• Rev Esp Cardiol · Jul 2005

    Review Comparative Study

    [Diagnosis and management of acute pericardial syndromes].

    • Jaume Sagristà Sauleda, Gaietà Permanyer Miralda, and Jordi Soler Soler.
    • Servei de Cardiologia, Hospital General Universitari de la Vall d'Hebron, Barcelona, Spain. jsagrist@vhebron.net
    • Rev Esp Cardiol. 2005 Jul 1; 58 (7): 830-41.

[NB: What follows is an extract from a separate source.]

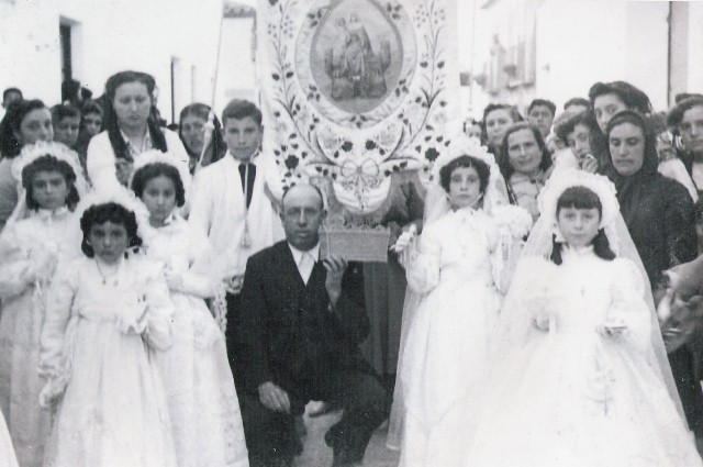 ESTA FOTOGRAFÍA REPRESENTA LAS COMUNIONES DE LOS AÑOS 50, EN LA PROCESIÓN DE LA VIRGEN DEL CASTILLO.

    AbstractEssentially, acute pericardial syndromes include acute pericarditis and cardiac tamponade. This article focuses on the diagnosis and management of acute pericarditis. In Spain, most cases of acute pericarditis whose etiology is not apparent at initial clinical presentation are either idiopathic or viral pericarditis, which follow a benign or self-limiting clinical course (although tamponade may develop in some patients). Knowledge of this basic epidemiologic fact is essential for the development of a rational management protocol that, on the one hand, avoids the unnecessary use of invasive pericardial diagnostic procedures in patients with idiopathic pericarditis and that, on the other hand, correctly identifies most cases of specific pericarditis, which mainly comprise purulent, tuberculous or neoplastic pericarditis. In accordance with this rationale and on the basis of our own experience, we have proposed a protocol for the management of acute pericardial disease that differs markedly from the "Guidelines on the Diagnosis and Management of Pericardial Disease" recently produced by the European Society of Cardiology. In addition, we have made some comments on the cardiac tamponade and the acute and subacute constrictive pericarditis that can occur during the resolution of acute pericarditis.